━━━━━ GIVEN ENTRIES ━━━━━

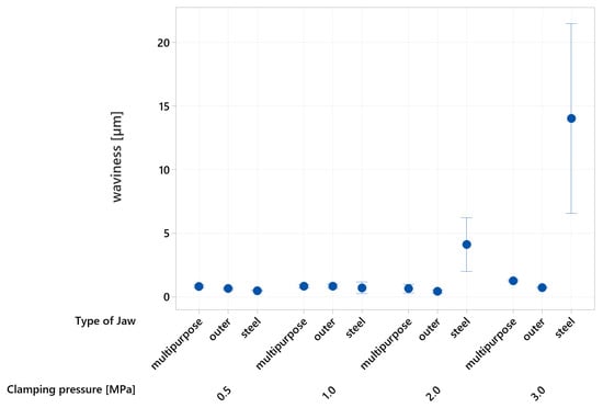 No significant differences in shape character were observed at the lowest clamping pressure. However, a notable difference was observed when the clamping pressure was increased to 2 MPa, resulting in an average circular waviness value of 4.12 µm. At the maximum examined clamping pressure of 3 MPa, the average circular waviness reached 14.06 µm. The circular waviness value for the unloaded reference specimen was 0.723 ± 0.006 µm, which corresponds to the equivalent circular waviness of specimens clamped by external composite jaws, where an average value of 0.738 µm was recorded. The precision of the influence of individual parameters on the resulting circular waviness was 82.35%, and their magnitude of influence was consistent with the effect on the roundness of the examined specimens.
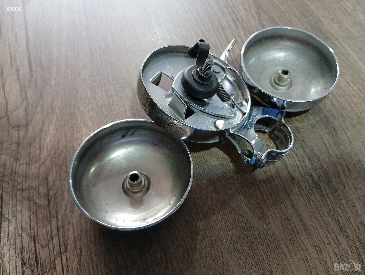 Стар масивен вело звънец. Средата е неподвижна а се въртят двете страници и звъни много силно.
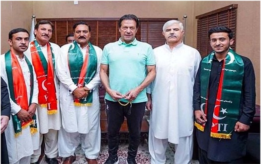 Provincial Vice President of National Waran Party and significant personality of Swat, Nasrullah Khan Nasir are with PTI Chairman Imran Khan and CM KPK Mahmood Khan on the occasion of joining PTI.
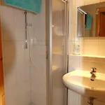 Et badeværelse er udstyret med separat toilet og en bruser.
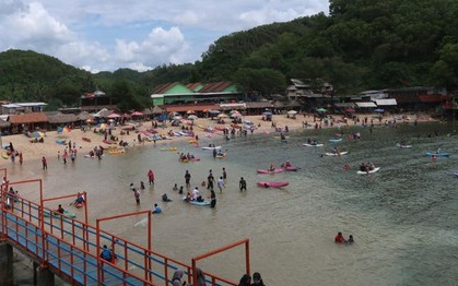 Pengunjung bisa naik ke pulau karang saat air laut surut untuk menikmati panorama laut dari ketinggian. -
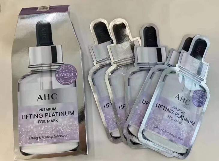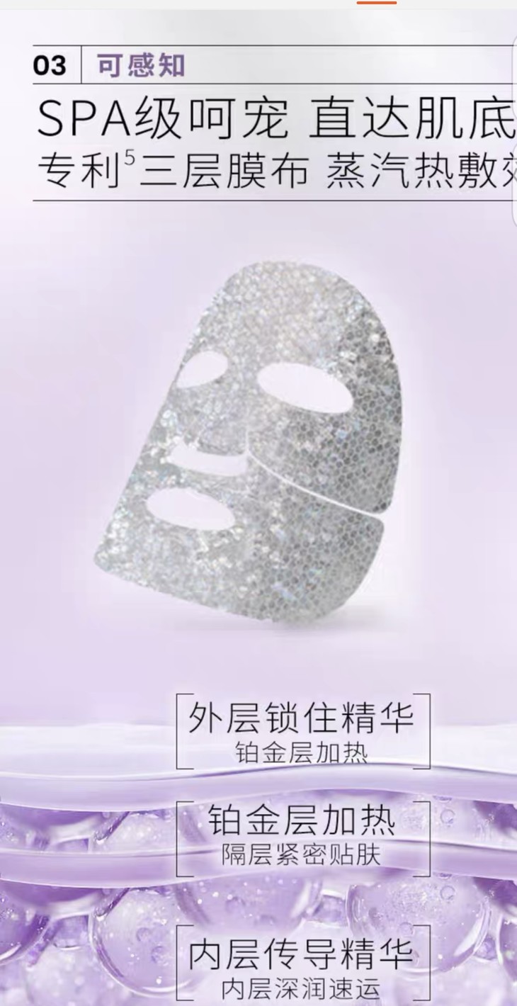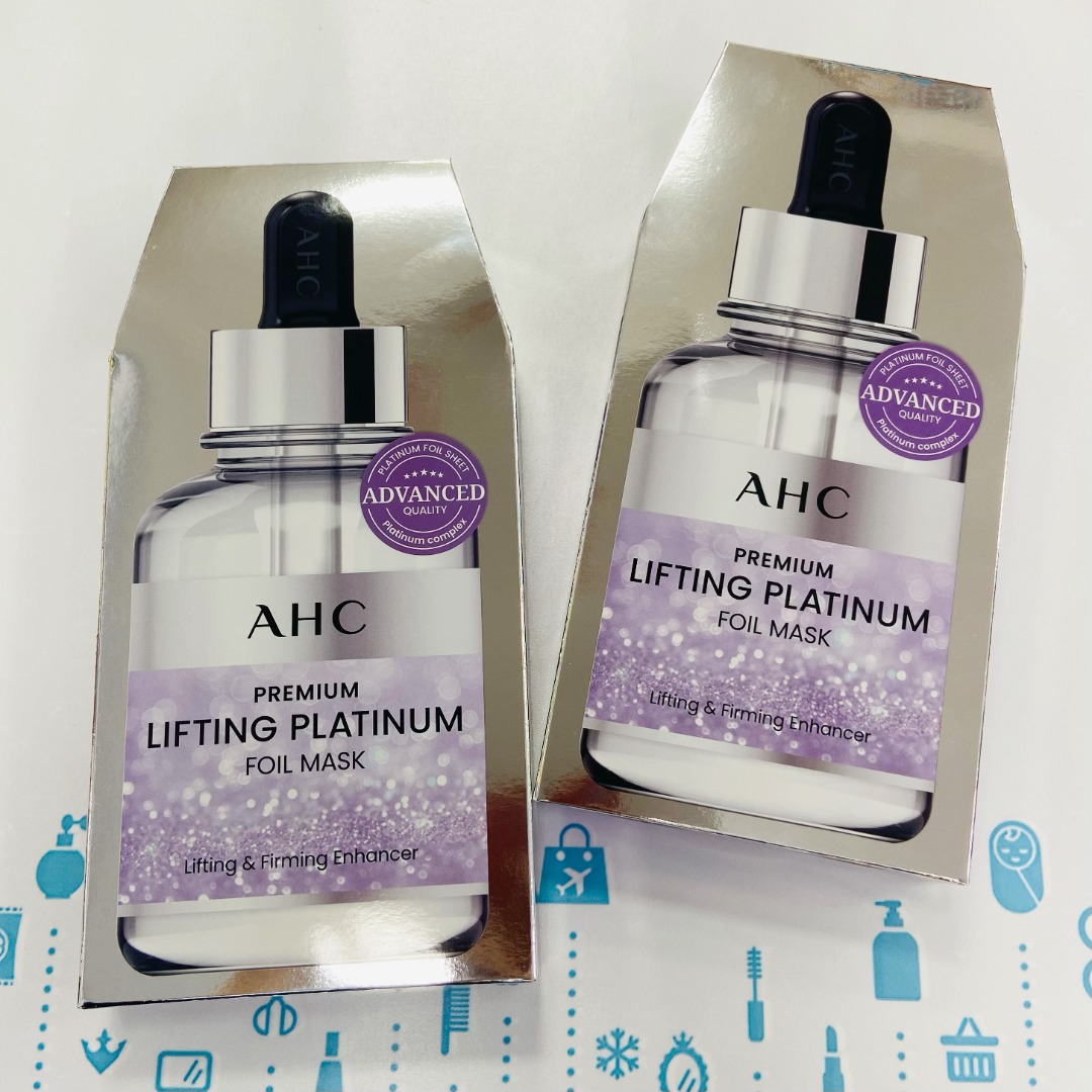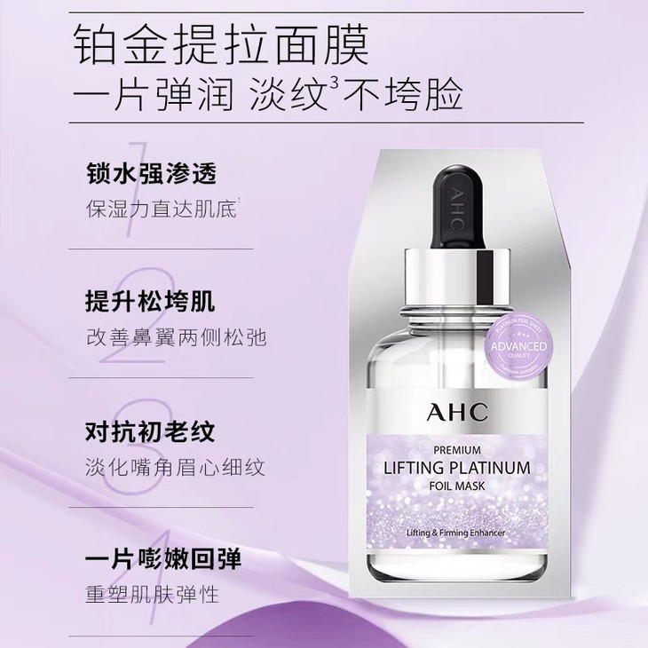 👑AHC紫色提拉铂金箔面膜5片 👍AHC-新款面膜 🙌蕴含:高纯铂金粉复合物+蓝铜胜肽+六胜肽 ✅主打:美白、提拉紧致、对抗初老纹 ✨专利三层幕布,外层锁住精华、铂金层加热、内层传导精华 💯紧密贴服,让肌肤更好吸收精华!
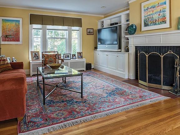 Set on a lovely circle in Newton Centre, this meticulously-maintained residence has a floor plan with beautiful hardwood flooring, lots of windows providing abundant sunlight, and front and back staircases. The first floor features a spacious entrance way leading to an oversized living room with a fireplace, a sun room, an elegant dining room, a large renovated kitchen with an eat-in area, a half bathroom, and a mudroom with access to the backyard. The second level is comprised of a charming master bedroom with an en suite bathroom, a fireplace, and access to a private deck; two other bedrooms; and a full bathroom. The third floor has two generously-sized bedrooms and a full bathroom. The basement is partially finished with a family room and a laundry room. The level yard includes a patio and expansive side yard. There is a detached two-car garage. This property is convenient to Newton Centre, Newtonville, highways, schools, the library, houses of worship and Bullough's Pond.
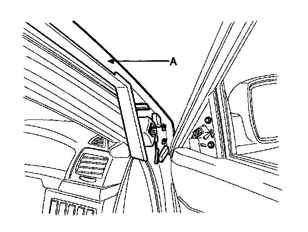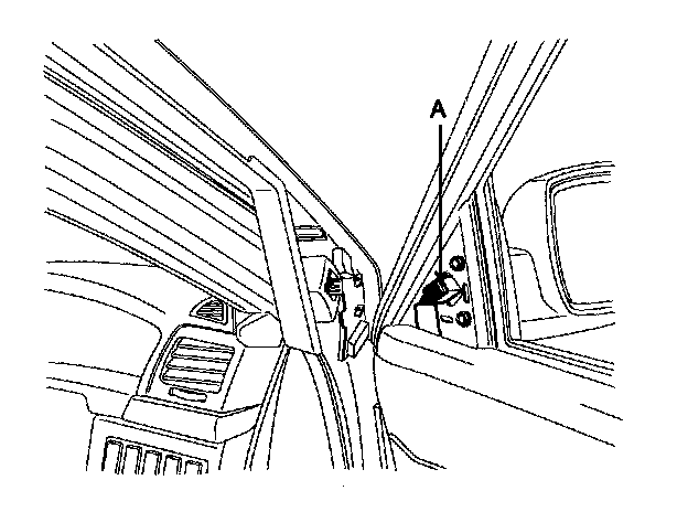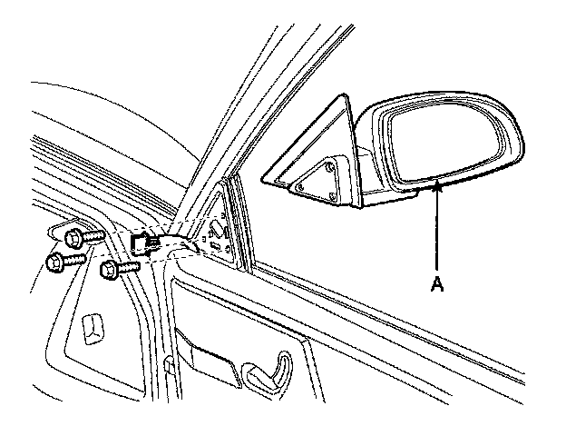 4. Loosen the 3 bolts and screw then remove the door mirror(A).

━━━━━
━━━━━ GIVEN ENTRIES ━━━━━

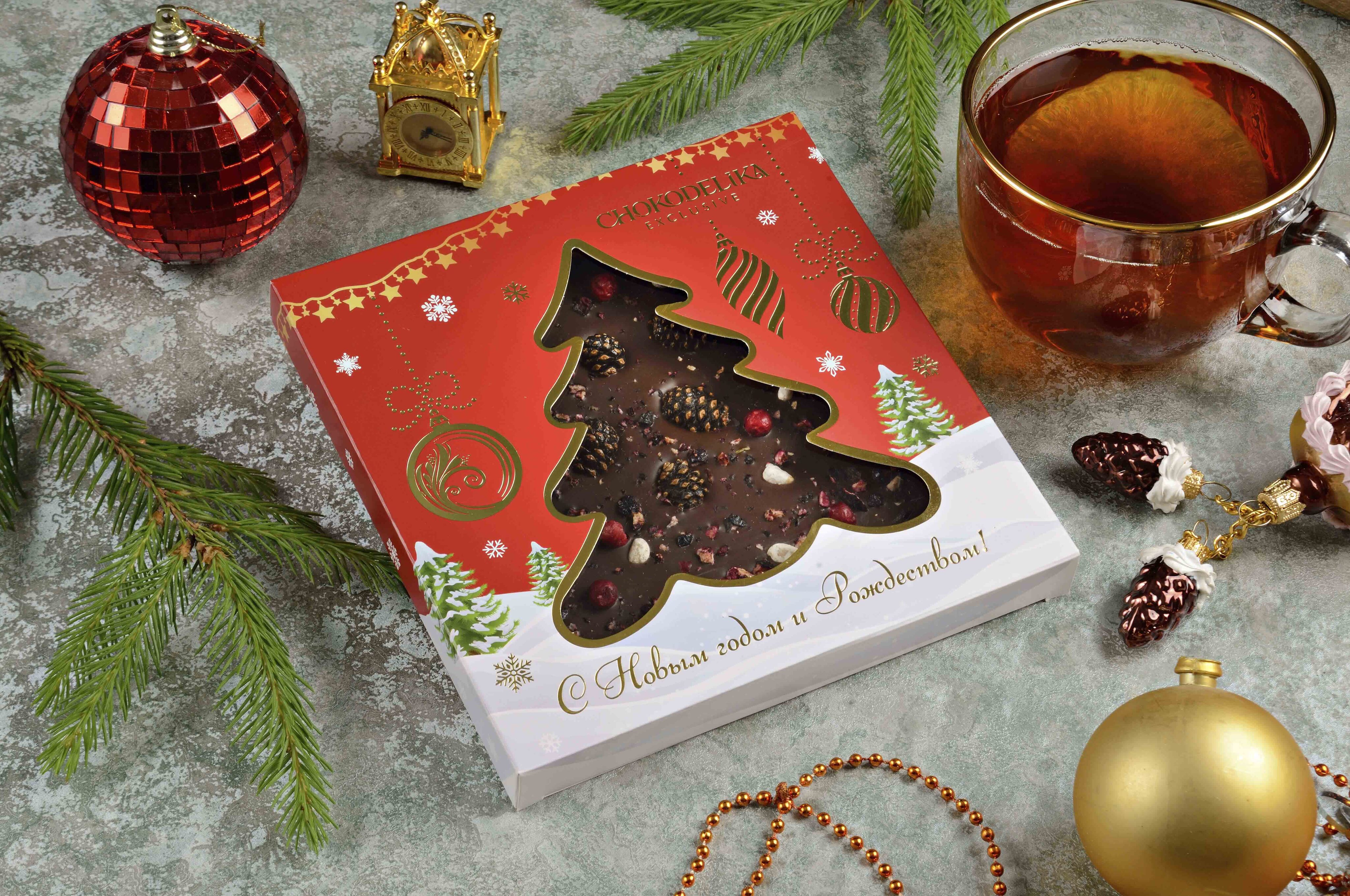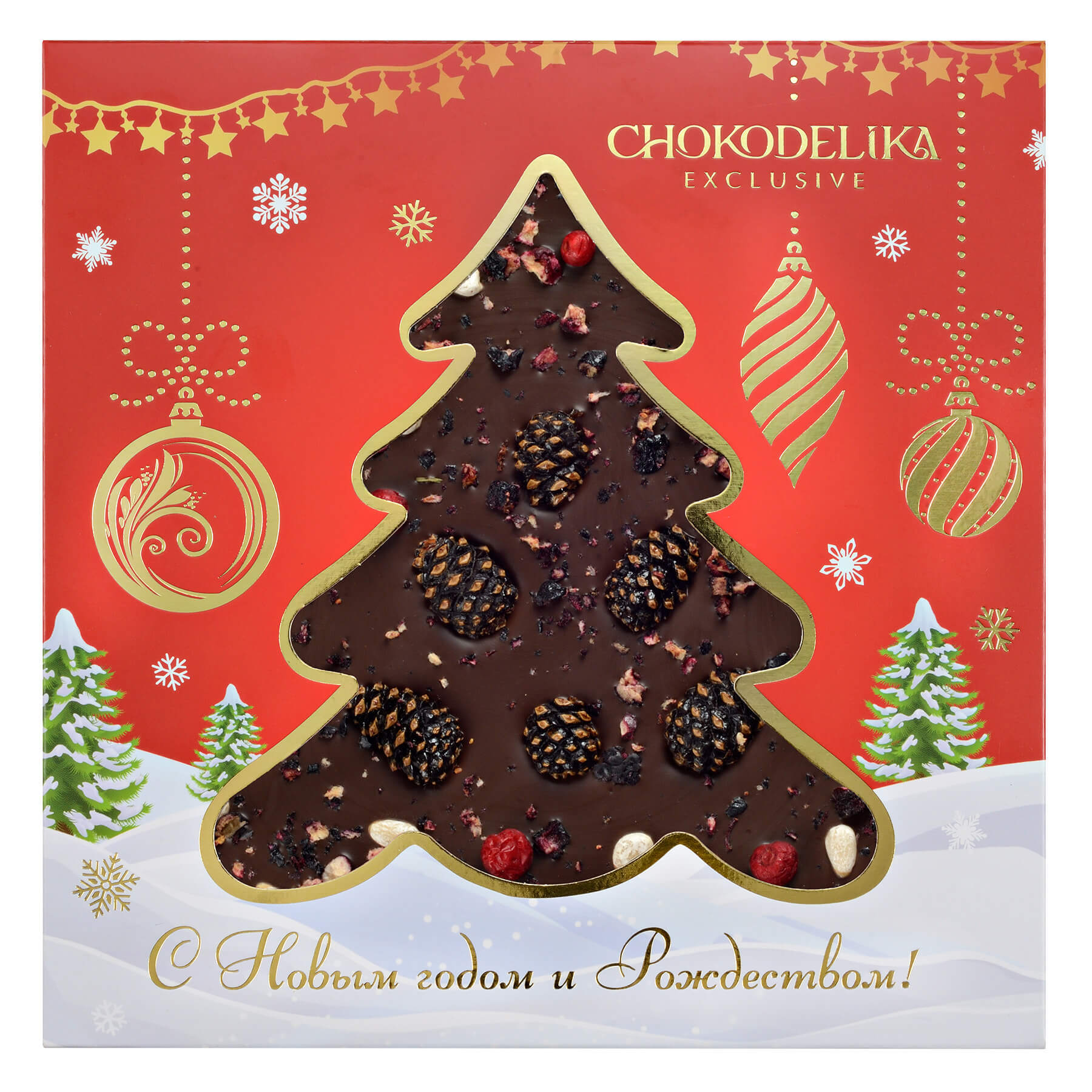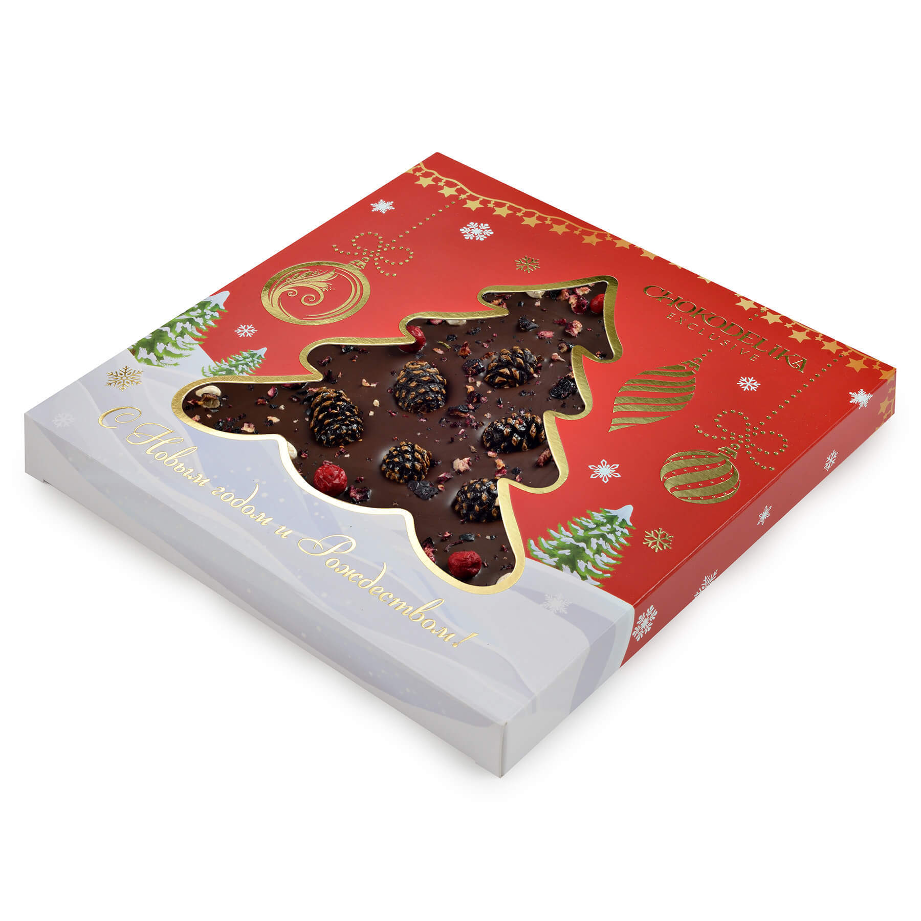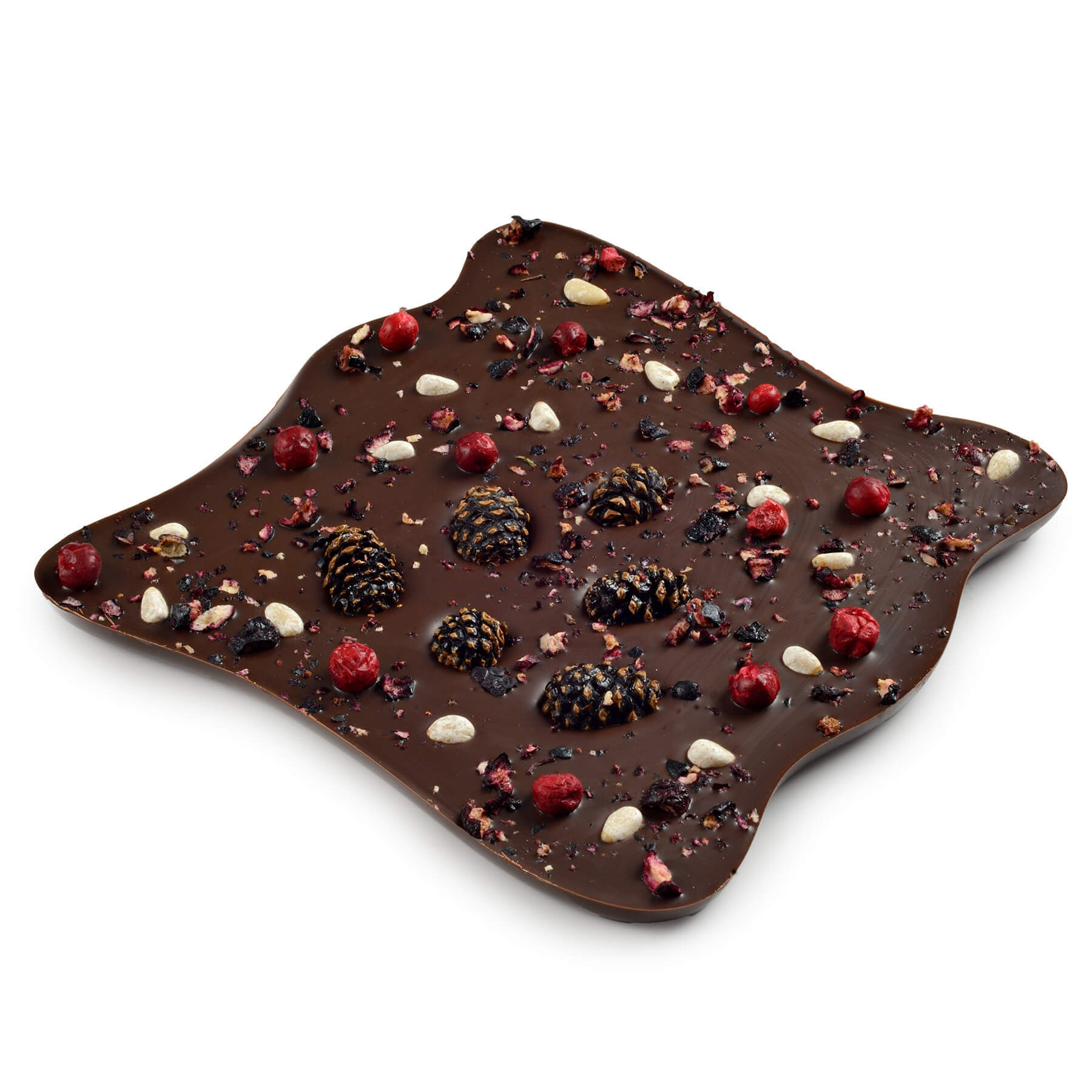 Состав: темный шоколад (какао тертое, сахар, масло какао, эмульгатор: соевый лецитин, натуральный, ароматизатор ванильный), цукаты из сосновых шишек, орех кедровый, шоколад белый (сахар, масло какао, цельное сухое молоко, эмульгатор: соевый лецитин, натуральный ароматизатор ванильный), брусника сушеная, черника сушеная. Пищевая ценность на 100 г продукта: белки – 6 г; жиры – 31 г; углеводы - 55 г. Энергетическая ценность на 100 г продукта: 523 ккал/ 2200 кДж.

━━━━━

** PROMPT **
Copy out exactly the lines above beginning with the line that contains "No significant differences" and finishing with the line that contains "Pengunjung bisa naik", including both; leave the pictures out.

** YOUR RESPONSE **
 No significant differences in shape character were observed at the lowest clamping pressure. However, a notable difference was observed when the clamping pressure was increased to 2 MPa, resulting in an average circular waviness value of 4.12 µm. At the maximum examined clamping pressure of 3 MPa, the average circular waviness reached 14.06 µm. The circular waviness value for the unloaded reference specimen was 0.723 ± 0.006 µm, which corresponds to the equivalent circular waviness of specimens clamped by external composite jaws, where an average value of 0.738 µm was recorded. The precision of the influence of individual parameters on the resulting circular waviness was 82.35%, and their magnitude of influence was consistent with the effect on the roundness of the examined specimens.
 Стар масивен вело звънец. Средата е неподвижна а се въртят двете страници и звъни много силно.
 Provincial Vice President of National Waran Party and significant personality of Swat, Nasrullah Khan Nasir are with PTI Chairman Imran Khan and CM KPK Mahmood Khan on the occasion of joining PTI.
 Et badeværelse er udstyret med separat toilet og en bruser.
 Pengunjung bisa naik ke pulau karang saat air laut surut untuk menikmati panorama laut dari ketinggian. -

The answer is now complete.